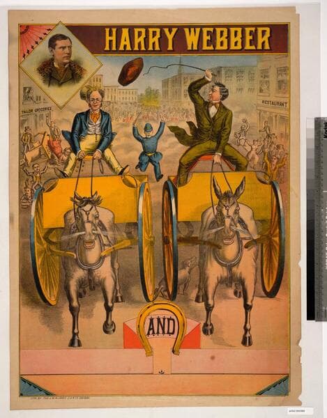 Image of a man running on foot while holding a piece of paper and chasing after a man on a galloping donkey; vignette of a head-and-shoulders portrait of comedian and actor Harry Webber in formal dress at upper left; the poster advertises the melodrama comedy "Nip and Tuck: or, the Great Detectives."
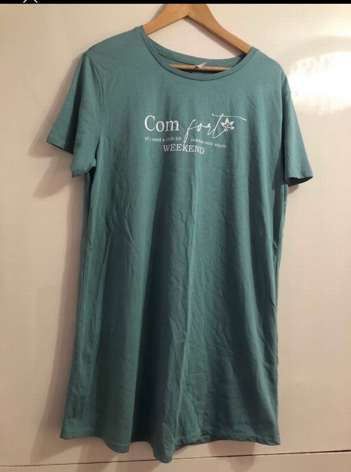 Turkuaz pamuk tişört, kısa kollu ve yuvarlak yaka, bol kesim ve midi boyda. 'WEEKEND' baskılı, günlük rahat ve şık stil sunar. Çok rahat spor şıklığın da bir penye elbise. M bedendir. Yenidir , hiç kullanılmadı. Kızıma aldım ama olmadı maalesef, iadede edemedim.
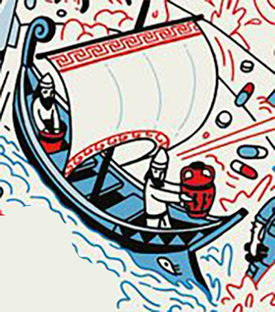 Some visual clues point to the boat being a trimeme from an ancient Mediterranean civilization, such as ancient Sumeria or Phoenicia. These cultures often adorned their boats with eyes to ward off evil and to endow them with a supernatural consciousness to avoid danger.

● **Requirement**
Write out, exactly and with no pictures, the lines of the data from the first through the line containing "Turkuaz pamuk tişört, kısa".

● **Expected output**
 Image of a man running on foot while holding a piece of paper and chasing after a man on a galloping donkey; vignette of a head-and-shoulders portrait of comedian and actor Harry Webber in formal dress at upper left; the poster advertises the melodrama comedy "Nip and Tuck: or, the Great Detectives."
 Turkuaz pamuk tişört, kısa kollu ve yuvarlak yaka, bol kesim ve midi boyda. 'WEEKEND' baskılı, günlük rahat ve şık stil sunar. Çok rahat spor şıklığın da bir penye elbise. M bedendir. Yenidir , hiç kullanılmadı. Kızıma aldım ama olmadı maalesef, iadede edemedim.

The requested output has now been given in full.